TASK DESCRIPTION
Please copy the lines below, exactly as they are, from the one with "Con muchas ausencias, la" through the one with "El murciélago emite", and leave out the pictures.

══ RECORDS PROVIDED

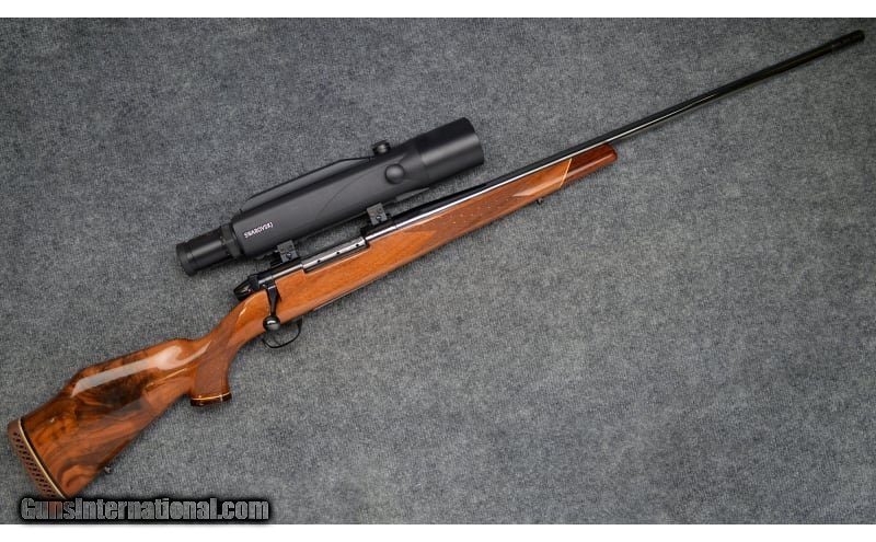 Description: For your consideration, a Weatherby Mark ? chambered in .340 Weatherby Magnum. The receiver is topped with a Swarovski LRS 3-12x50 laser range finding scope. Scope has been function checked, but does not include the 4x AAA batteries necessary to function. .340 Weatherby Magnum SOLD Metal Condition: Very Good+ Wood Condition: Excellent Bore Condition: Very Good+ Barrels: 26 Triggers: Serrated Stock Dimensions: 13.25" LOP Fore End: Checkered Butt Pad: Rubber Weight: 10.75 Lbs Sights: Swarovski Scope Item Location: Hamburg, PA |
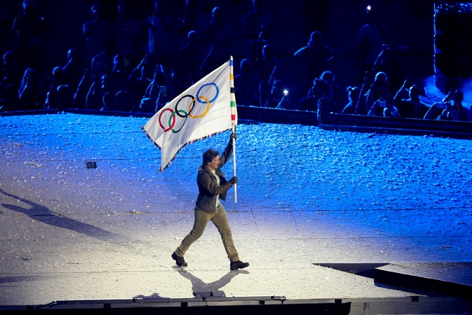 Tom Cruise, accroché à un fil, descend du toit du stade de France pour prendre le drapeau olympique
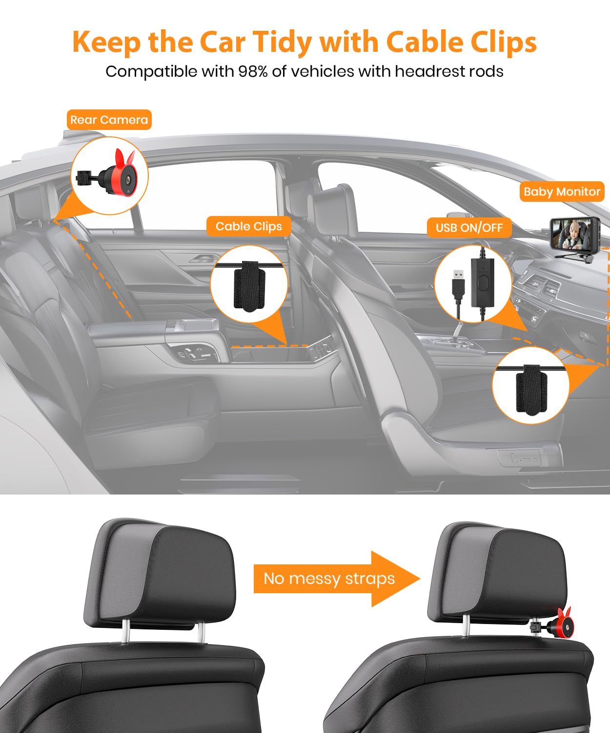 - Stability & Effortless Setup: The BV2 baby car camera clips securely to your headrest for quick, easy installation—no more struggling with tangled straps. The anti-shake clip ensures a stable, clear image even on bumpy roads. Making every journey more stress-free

════
══ RECORDS PROVIDED

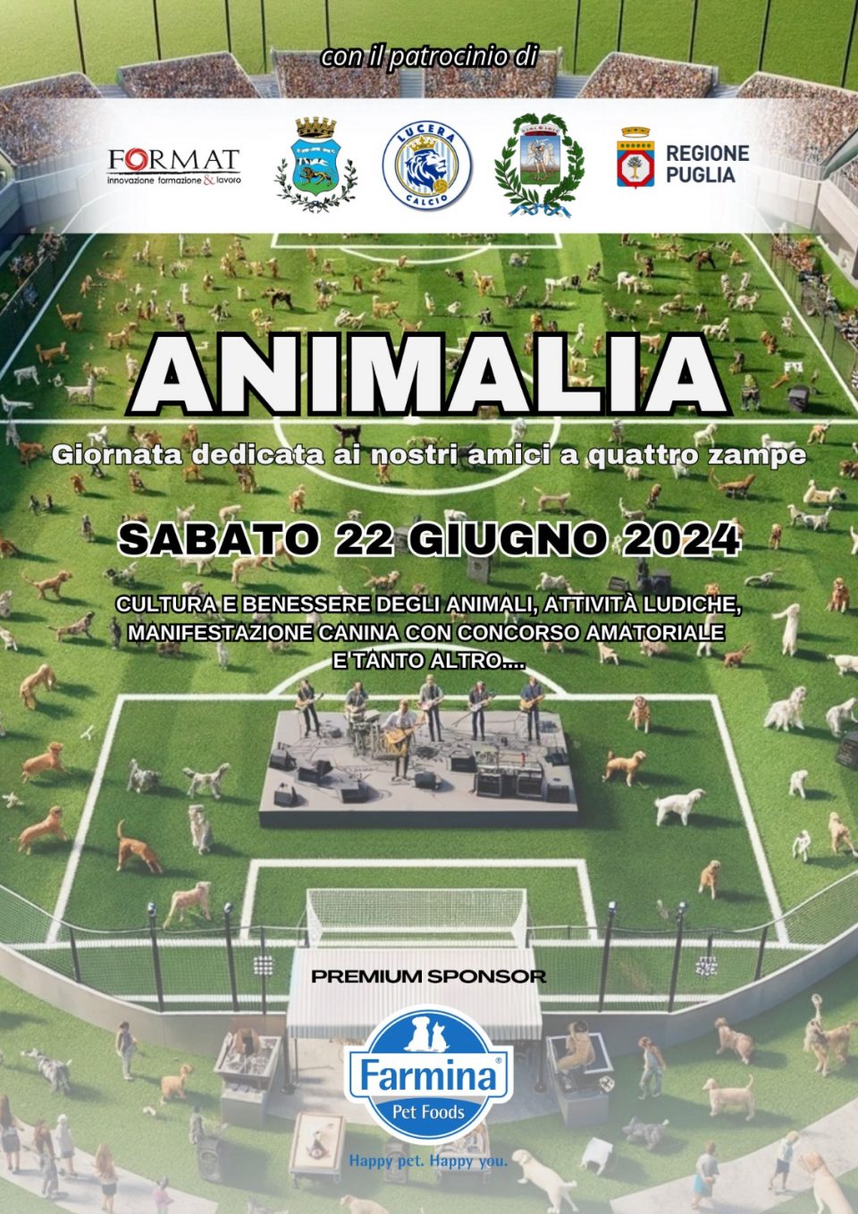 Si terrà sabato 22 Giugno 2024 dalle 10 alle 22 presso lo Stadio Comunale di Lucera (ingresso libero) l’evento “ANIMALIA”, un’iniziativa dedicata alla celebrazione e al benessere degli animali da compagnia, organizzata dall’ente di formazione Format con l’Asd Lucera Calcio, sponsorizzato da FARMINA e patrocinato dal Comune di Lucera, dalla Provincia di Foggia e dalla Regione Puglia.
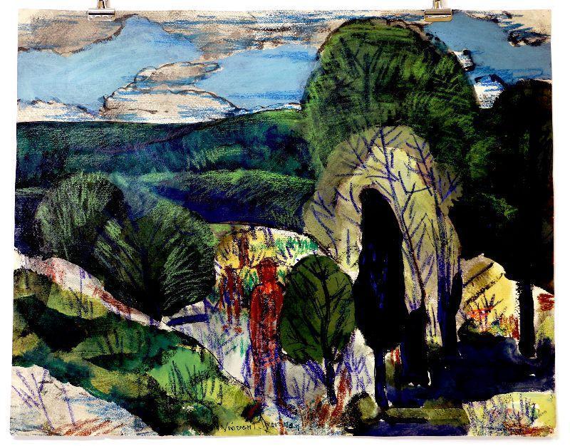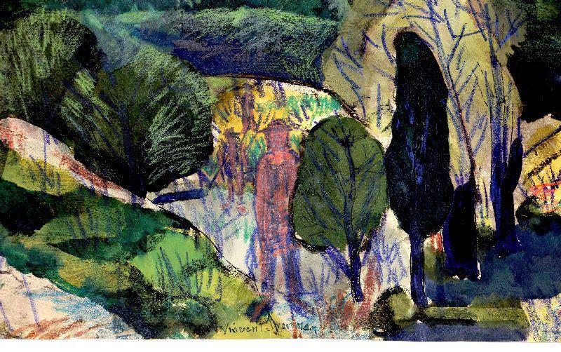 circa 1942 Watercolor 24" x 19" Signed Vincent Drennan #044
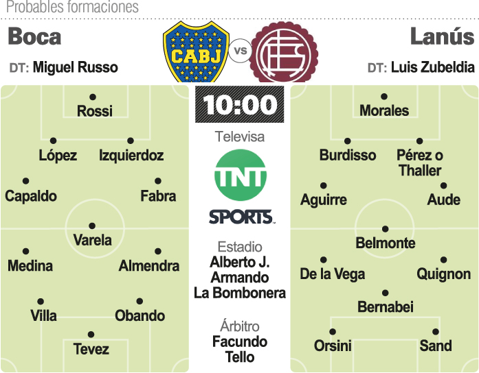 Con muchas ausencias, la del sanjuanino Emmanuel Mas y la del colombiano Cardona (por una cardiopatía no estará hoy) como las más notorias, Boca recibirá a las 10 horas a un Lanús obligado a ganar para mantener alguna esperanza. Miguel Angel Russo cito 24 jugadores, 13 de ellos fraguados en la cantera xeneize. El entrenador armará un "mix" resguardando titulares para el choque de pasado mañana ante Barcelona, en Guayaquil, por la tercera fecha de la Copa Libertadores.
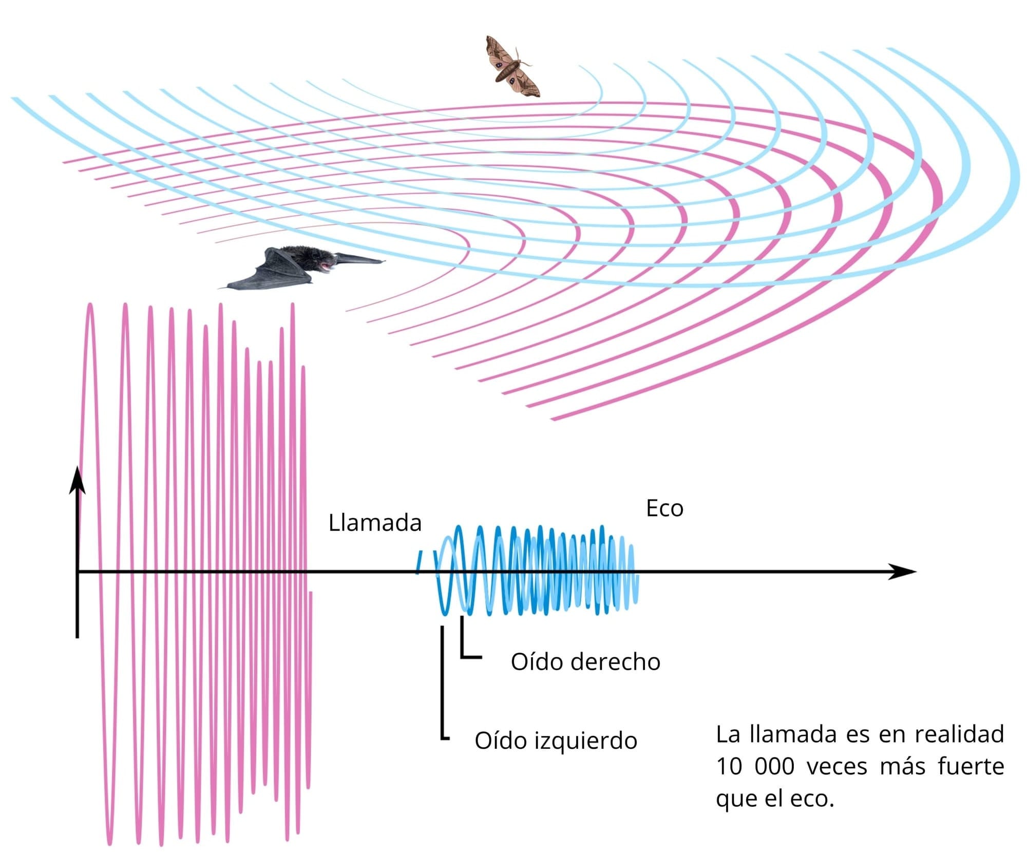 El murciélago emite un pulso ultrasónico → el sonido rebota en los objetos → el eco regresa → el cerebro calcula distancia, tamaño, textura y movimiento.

════

WRITTEN SOLUTION
 Con muchas ausencias, la del sanjuanino Emmanuel Mas y la del colombiano Cardona (por una cardiopatía no estará hoy) como las más notorias, Boca recibirá a las 10 horas a un Lanús obligado a ganar para mantener alguna esperanza. Miguel Angel Russo cito 24 jugadores, 13 de ellos fraguados en la cantera xeneize. El entrenador armará un "mix" resguardando titulares para el choque de pasado mañana ante Barcelona, en Guayaquil, por la tercera fecha de la Copa Libertadores.
 El murciélago emite un pulso ultrasónico → el sonido rebota en los objetos → el eco regresa → el cerebro calcula distancia, tamaño, textura y movimiento.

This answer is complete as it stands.